It is semantics. Semantic issues are not necessarily (or even very commonly) unimportant ones. What I am suggesting, however, is that the guy was being either an idiot or an asshole to expect an agitated citizen to be automatically sensitive to a technical linguistic distinction normally only of importance within the law enforcement professions.
And “a few units”? I should be so lucky! I had one detective constable come round (the next day IIRC).
To be fair though, they did actually catch the culprits (though I think more because of other crimes they had committed than through investigation of mine, and I do not know if they actually got convicted of anything), and I did get back the most valuable of the stolen items.
In the UK, I think that breaking and entering without theft would not be burglary, but some lesser crime like criminal damage and trespass. Burglary, by definition, assumes theft. If you break in and assault someone, then that would probably be aggravated trespass and possibly grievous or actual bodily harm.
Any idea why that was? I’m curious because my hometown’s police report used to include people charged with “nighttime burglary”. I always wondered why that would be different from burglary committed during the day.
This definition confused me so I had to look it up.

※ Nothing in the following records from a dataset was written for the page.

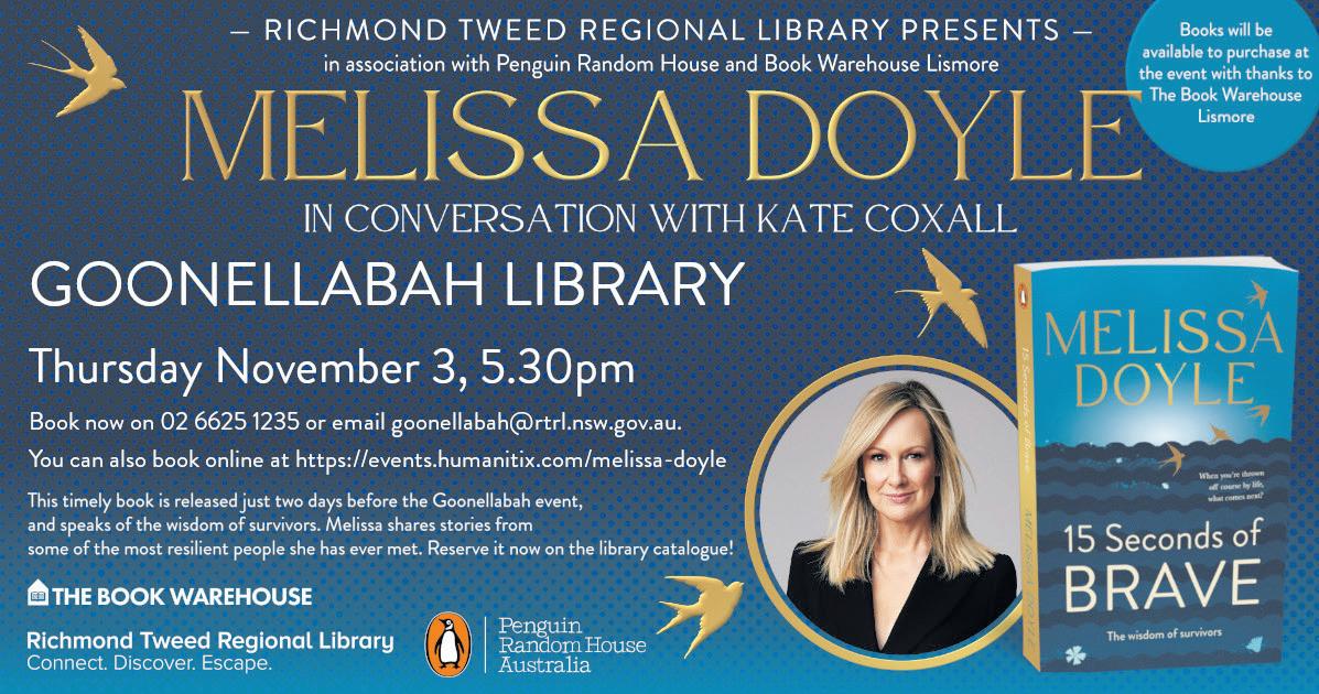 Melissa appears at Goonellabah Library on Thursday November 3, 5.30pm Book now on 02 6625 1235 or email goonellabah@rtrl.nsw. gov.au.
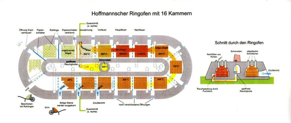 Der bereits 1859 von Hoffmann- und Licht entwickelte Ringofen setzte sich im Düsseldorfer Raum erst zu Beginn der 1890er Jahre langsam durch. Hierbei handelt es sich um einen gemauerten, ovalen Kammerofen. Der Brennkanal ist ein in sich geschlossenes Gewölbe, das durch sogenannte Schieber in verschiedene Kammern unterteilt ist. Das Feuer, durch Kohlengrus unterhalten, wandert durch Belüftung gesteuert durch alle Kammern. In einem solchen Ringofen konnten die Rohlinge kontinuierlich gebrannt werden. Ohne Abbruch des Brennvorganges wurden Rohlinge eingesetzt und die fertigen Ziegel entnommen. Im Schnitt konnten in einem viertägigen Brenndurchgang 250.000 Ziegel gebrannt werden Das neue Befeuerungsverfahren führte zudem zu einer Brennstoffersparnis von 75 Prozent und die Ausschussquote fiel auf ein Prozent. In Zusammenhang mit der Einführung mechanischer Pressen war somit die Grundlage zur industriellen Massenproduktion gegeben. Konnte ein Handziegler bis zu 200 Ziegel pro Stunde formen, schaffte eine Dampfziegelpresse 3500.
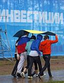 Всероссийский образовательный форум "Селигер - 2009". Жанровая фотография. Участники форума идут под дождем.
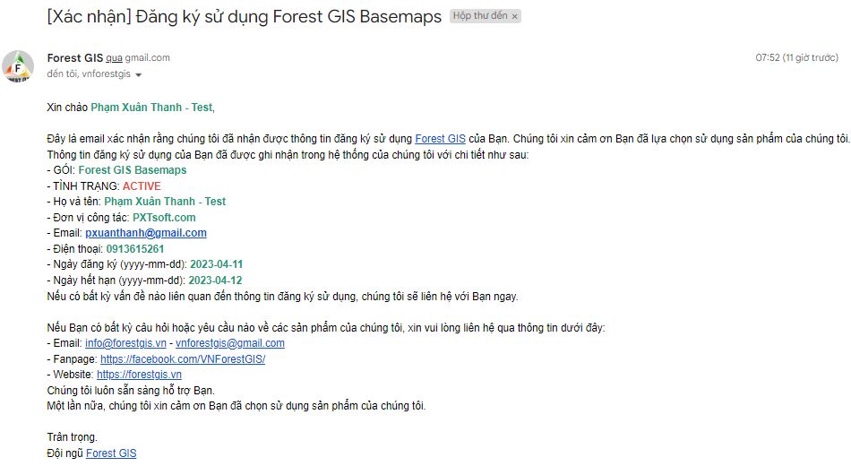 Nếu thực hiện đăng ký sử dụng Forest GIS thành công, sẽ có 1 email tự động thông báo gởi đến Bạn với nội dung tương tự như hình:

Wikipedia says that trespass is an element of burglary, which makes far more sense to me. Entering a drug dealer’s home is not burglary, but the drug dealer is potentially guilty of burglary if he breaks into an abandoned building to deal drugs out of.
I was mugged while hitchhiking back in the early seventies. The guy was caught, he was charged with (I’m going by memory) 2 felony assaults,3 felony batterys, and 2 felony charges for robbery (I’m not sure about the word “robbery”, I think they used a different term).